The answer: yes, you can give your cat Benadryl. It is an antihistamine and safe for both cats and dogs. Do know that Benadryl is simply the drug’s brand name. Diphenhydramine is the active ingredient. If you want, you can also purchase the medication’s generic brand. The drug is the same with only the names different as you buy it from different sellers.


Benadryl is used to cure allergic or itchy skin reactions. The medicine is also given to negate bug bites or vaccine reactions. The drug also functions as a mild sedative which can be used as an anti-motion sickness medication or anti-nausea drug. Veterinarians, however, recommend that you should employ a different medication in case you want to treat motion sickness in your kitty.

Giving Benadryl to cats

The easiest way to give Benadryl to your feline is to syringe the liquid medicine. The problem is that many cats will refuse the compound as they do not prefer either the taste or its odor.
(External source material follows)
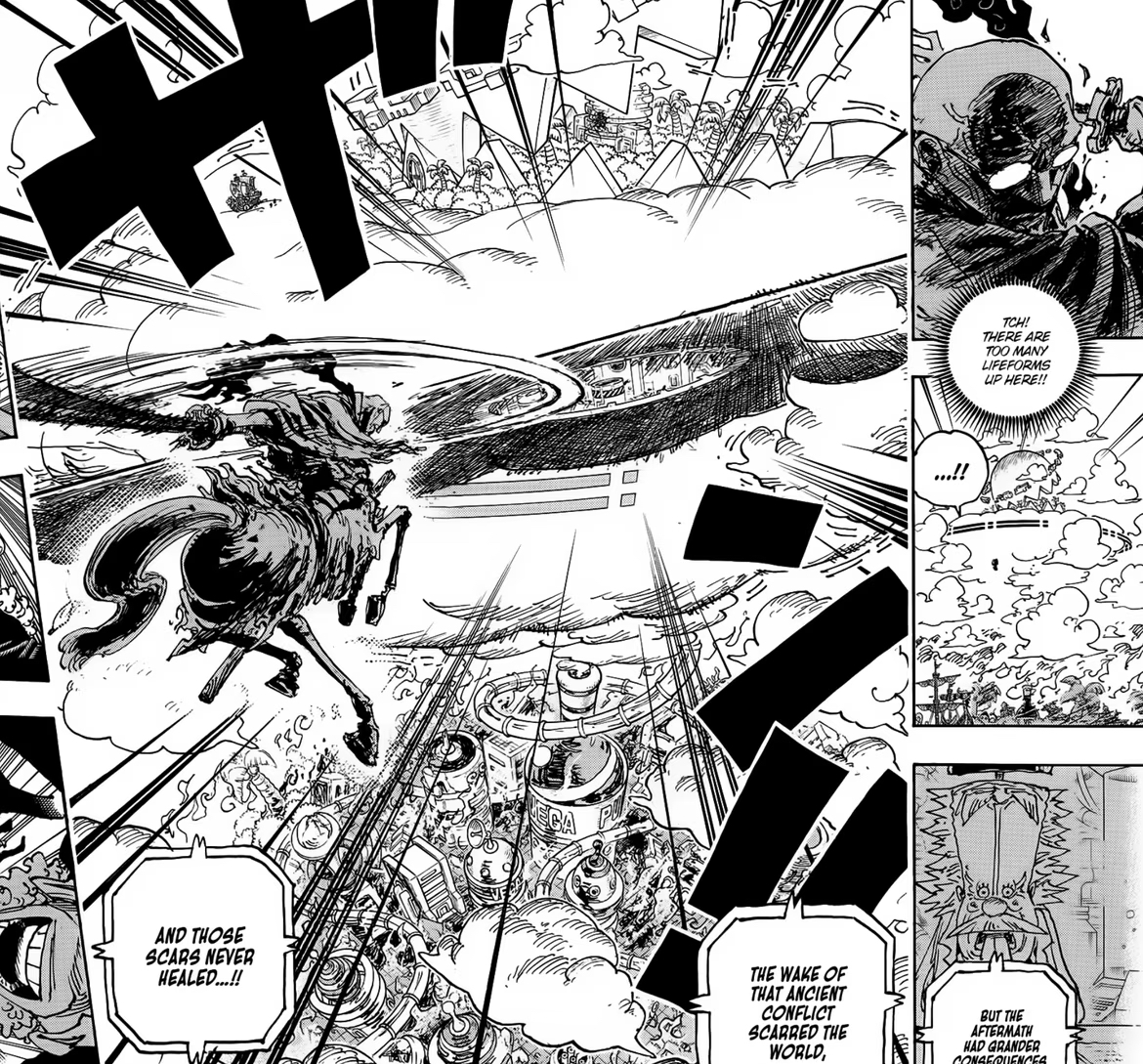 这一话里,贝加庞克向全世界宣布了炸裂般的空白100年历史真相,让五位五老星倍感威胁,大显神威!纳斯寿郎圣挣脱了波妮、山治等人的束缚,拿起剑,一道斩击直接砍断了艾尔巴夫的船首。紧接着,他直接冲向岛屿上空,砍出一道巨型斩击,直接将研究层的实验室砍成两半,实力恐怖!

If your cat fiercely resists the medicine, take the Benadryl bottle to a compounding pharmacy. The staff with flavor the medicine with fish or chicken or any other taste which the cat likes. This may increase the possibility of your kitty eating it. If you want, you can feed the cat Benadryl pills too. The compounder can also flavor the pills. Try to mix the pills with the food so that the kitty eats it with the meal.

According to veterinarians, the recommended dosage is approximately one milligram for every pound. It comes to half 25-milligram tablet for an averagely sized kitty. A cat weighing 10 pounds will thus need approximately for milliliters of the medicine to attain the right dose.
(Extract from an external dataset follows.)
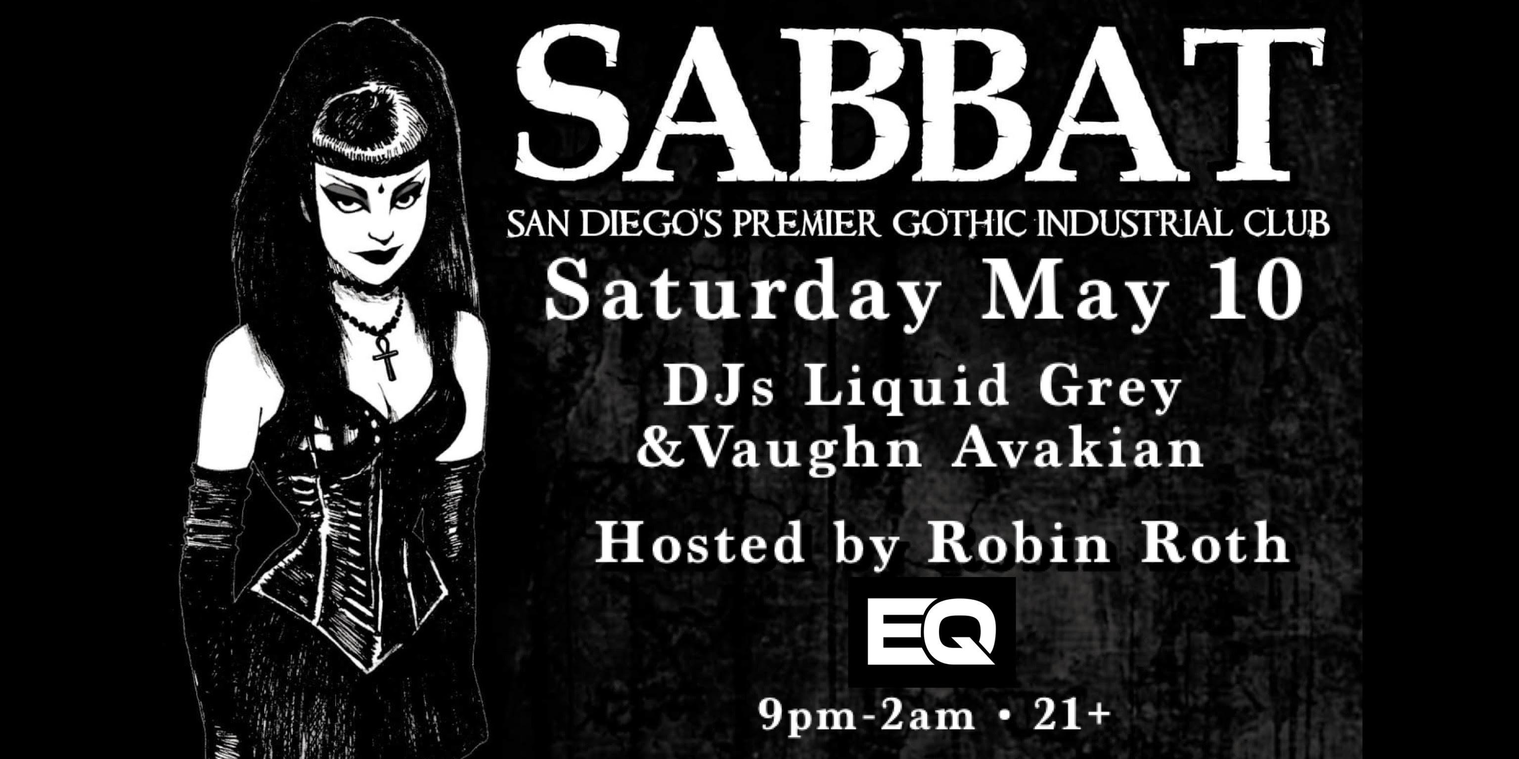 Join us for Club Sabbat on Saturday, May 10, at EQ featuring DJs Liquid Grey & Vaughn Avakian. Hosted by Robin Roth with the Sabbat Go Go Ghouls. 9PM-2AM. 21+. Coat check available.

Benadryl can result in a swathe of symptoms. The kitty could feel drowsy. In some cats, however, the drug could make them hyper. An overdose may result in coma and seizures. The kitty could suffer from breathing difficulties. You should discuss with your veterinarian the course of action to take before giving your cat any medicine. The dosage could interfere with other medications that the cat could be taking. The medication must not also cover a bigger issue. You should remember that Benadryl acts on a symptom and does not solve the underlying sickness. If your kitty suffers from an allergic reaction and has breathing problems, then it is best you contact the vet to talk about this issue and not give Benadryl for temporary relief.